If You Are Still At The Pump

If you are still at the filling station when you realise your mistake, you can rectify the problem with minimal damage to your vehicle. It's very important at this stage that you don't start your car's engine. Simply put your car in neutral and push your vehicle out of the filling station so that it's out of the way, and inform the station attendant or call your breakdown cover organisation if you have coverage. To fix the issue, all fuel will need to be drained from your vehicle. If you have roadside assistance, this can often be done right at the station or roadside. If you don't have roadside coverage, your car will need to be taken to a garage - but do not attempt to fire the engine up. Once all fuel has been drained, the tank will need to be filled with the appropriate fuel and primed to remove any air leaks from the fuel system. To be extra safe there is no remaining wrong fuel in the system, change the fuel filter.

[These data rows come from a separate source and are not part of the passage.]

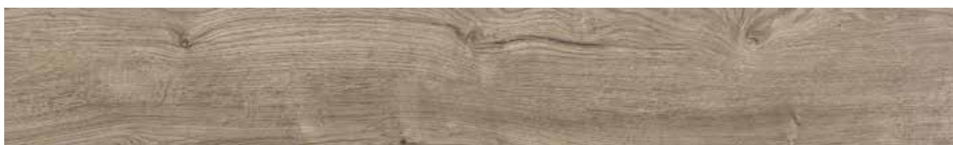
Boston Ash 180 mm x 1,220 mm
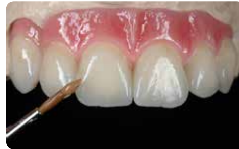
Characterisation with V-Shades
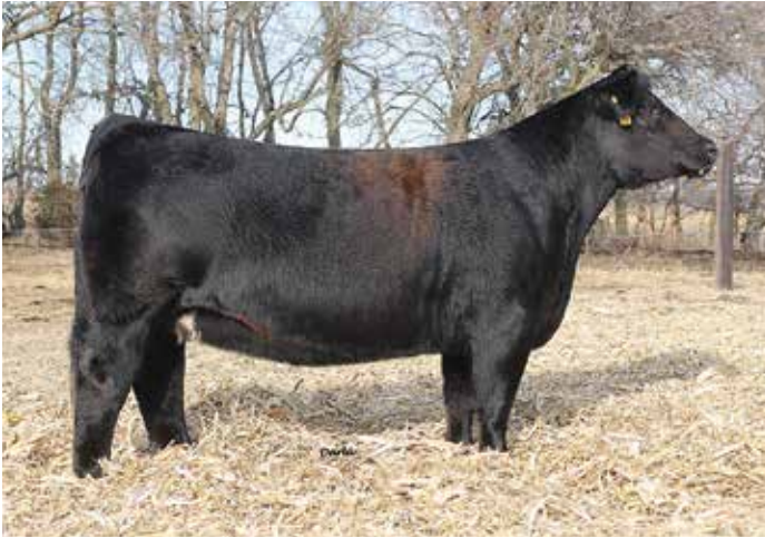
WAGR PANARAMA 204Z PATERNAL GRANDDAM OF LOT 12
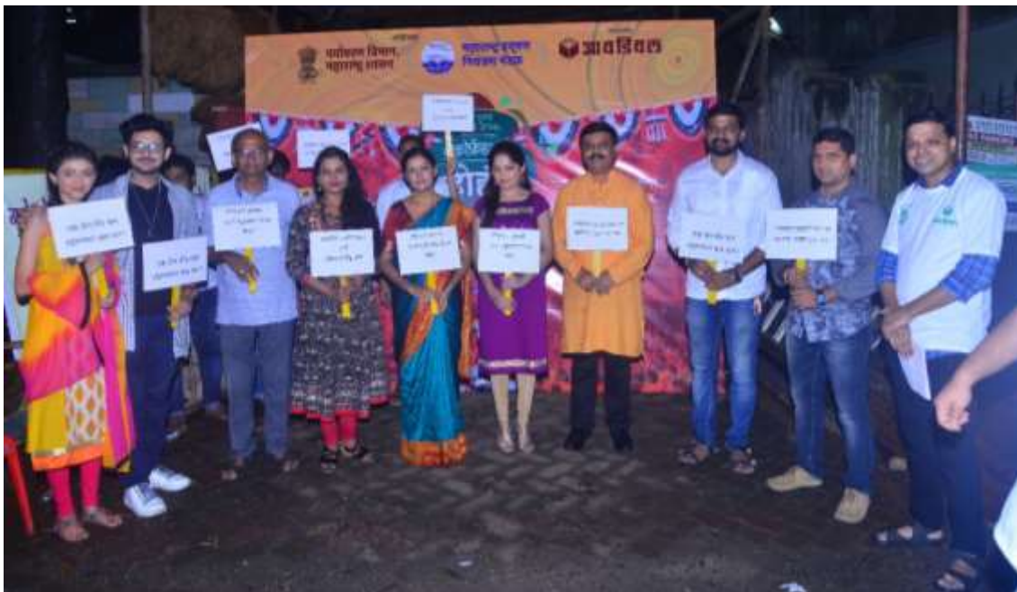
Anti-noise pollution awareness rally on the eve of Dahi-handi (Gopalkala) festival was organized with participation of famous Marathi film industry celebrities on the Open Deck Bus Service of Best Transport Service in the month of August 2017.
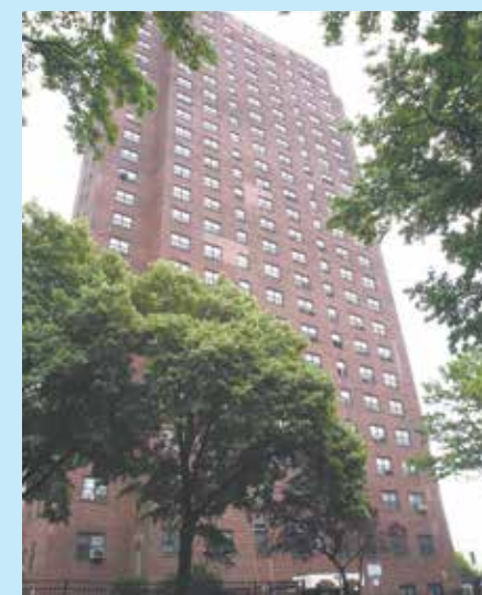
Kingsborough Extension is one of the first developments that will have repairs done with the $732 million in funding obtained by NYCHA through a new bond issuance.

All of this work on behalf of NYCHA families reaffirms NYCHA's core promise of providing safe, affordable housing in a state of good repair. It also continues our commitment to maintain and preserve public housing in New York City, while many other public housing authorities across the country are demolishing their buildings. Over the past three years, NYCHA has made approximately $1.5 billion in capital investments, including $423 million in federal stimulus funding for capital improvements that enhanced
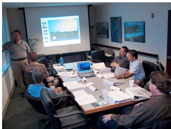
Members of the Loudoun County Design Cabinet review their plans for the Lovettsville Design Charrette, an open meeting for those interested in the merging of Lovettsville’s Town Center with its existing small town environment.

The purpose of the charrette is to listen to town residents express what they want to see in Lovettsville now and in the future, and develop ideas and suggestions for the upcoming town center that would be compatible and complimentary to Broad Way, the town’s existing main thoroughfare. The group will also request suggestions for the improvement of infrastructure along Broad Way, including sidewalks, power lines, and other street improvements.
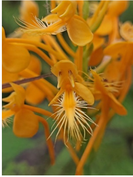
Platanthera x channelii
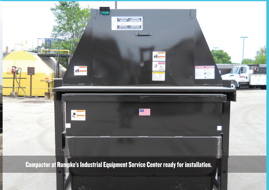
Compactor at Rumpke's Industrial Equipment Service Center ready for installation.
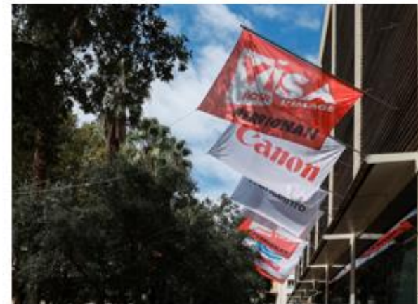
Visa pour l'image
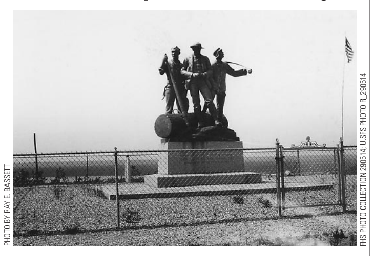
Lumbermen's Memorial (now Lumbermen's Monument), seen in 1934 before the Civilian Conservation Corps landscaped the area.

As a result of these land purchases and exchanges, on October 25, 1938, President Franklin Roosevelt designated this land the Manistee National Forest by presidential proclamation 2306: "Whereas it appears that it would be in the public interest to give such lands, together with certain intermingled public lands, a national forest status," land purchased within these boundaries was reserved for national and public use. This designation, long anticipated by local officials, gave the forest a permanence that it had before lacked. The proclamation cemented the long-term
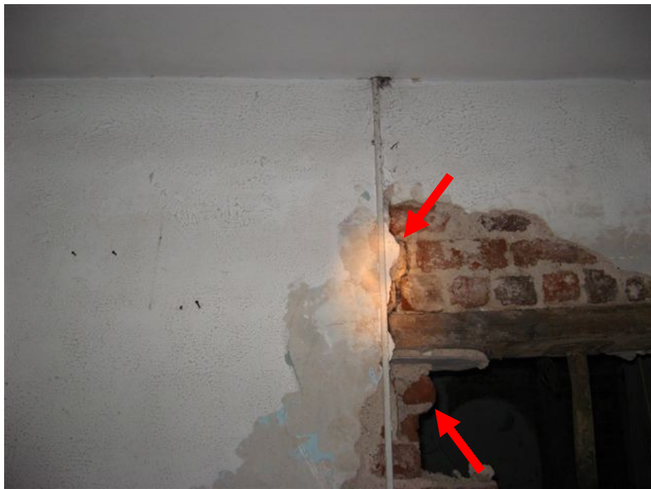
Photo 27 - Vertical crack over doorway in the intermediate wall and damaged reveal

If You Have Started To Drive

If you began to drive and your car only to find it suddenly came to a halt, it's a much bigger problem. Once you have turned your vehicle on, the incorrect fuel will make its way to your engine and cause major damage. Petrol is much more volatile than diesel, plus diesel relies on high pressure to combust. With the high pressure and air, if petrol enters a diesel engine, the petrol will prematurely combust and force pistons out of their order. At this point your only real solution is to call your breakdown company. They will have to tow cars, vans or 4x4s in this situation to a garage to inspect the damage. The bill to repair such damage can often be in the four-figure range. On older vehicles you may want to check with your insurance company, as it may be easier to simply write the vehicle off rather than undertake costly repairs.

How To Avoid Putting The Wrong Fuel In Your Car

Of course, the obvious solution to avoiding such issues is to be attentive when filling your vehicle. If you are letting a friend or family member borrow your vehicle, make sure to tell them what type of fuel your vehicle uses. You can make it extra clear by placing a sticker on your fuel cap labelled with the appropriate fuel type, which will act as a reminder to anyone when they go to fill up the tank. If your vehicle is not already fitted with one, it's also possible to purchase fuel neck caps for diesel vehicles that will prevent putting petrol into a diesel tank by not allowing the nozzle to fit.